Williams became the first witness from Pence's staff to give testimony in the impeachment inquiry against Donald Trump. She was expected to answer inquiries regarding Pence's communications with Rudy Giuliani and Ukrainian leaders. Williams was one of a few officials on Trump's July 25, 2019 call with Ukraine President Zelensky in which Trump asked the Ukrainian leader to open an investigation into one of Trump's domestic political opponents. She later indicated that she also overheard the July 25, 2019 call, and that the Trump administration wanted better knowledge about the controversy surrounding Burisma. She stated that she expressed concern over the phone conversation, which she described as "unusual." However, Williams' supervisor Lt. Gen. Keith Kellogg, said Williams "never reported any personal or professional concerns to him regarding the call...In fact, she never reported any personal or professional concerns to any other member of the Vice President’s staff, including our Chief of Staff and the Vice President".

Williams also testified that when Zelensky was elected, Pence initially agreed to attend the inauguration if his schedule permitted, but that plan was cancelled when on May 13, Williams was informed that President Trump had decided that Pence would not represent the U.S. at the inauguration in Ukraine after all. Williams also gave testimony about phone conversations between Pence and Zelensky, including one on September 18, noting that Pence told the Ukrainian President, "President Trump would be eager to hear about President Zelensky's progress in his reform agenda."

Williams has been recognized as one of the "powerful, professional women on both sides of the dais who have emerged as major figures in the impeachment investigation into President Donald Trump," and one of the witnesses who have "held their own" in the face of partisan attacks. Before her public testimony, Trump, without evidence, accused her of being a "Never Trumper," as he has with other witnesses. Williams, who started her government career in the Bush administration and called former Secretary of State Condoleezza Rice “a personal hero of mine,” denied being a “Never Trumper.”

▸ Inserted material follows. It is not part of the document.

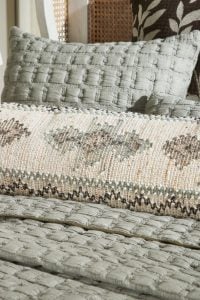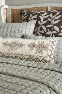 Bound with a striking contrast flange, this quilt transcends the ordinary, adding a bold and stylish edge to its inviting softness. The combination of fluffy blocks and the eye-catching flange creates a visually dynamic quilt that effortlessly becomes the focal point of any bedroom. Shams are finished with a knife edge style without a flange

On December 6, 2019, House Intelligence Committee Chairman Adam Schiff requested in a letter to Pence that he declassify more material related to Williams' testimony in the House impeachment investigation. Pence had already announced that he was willing to release transcripts and documents related to his September 18, 2019 phone call with Ukrainian President Zelensky. Williams testified about the call but at a later hearing announced that details about the phone conversation had been classified.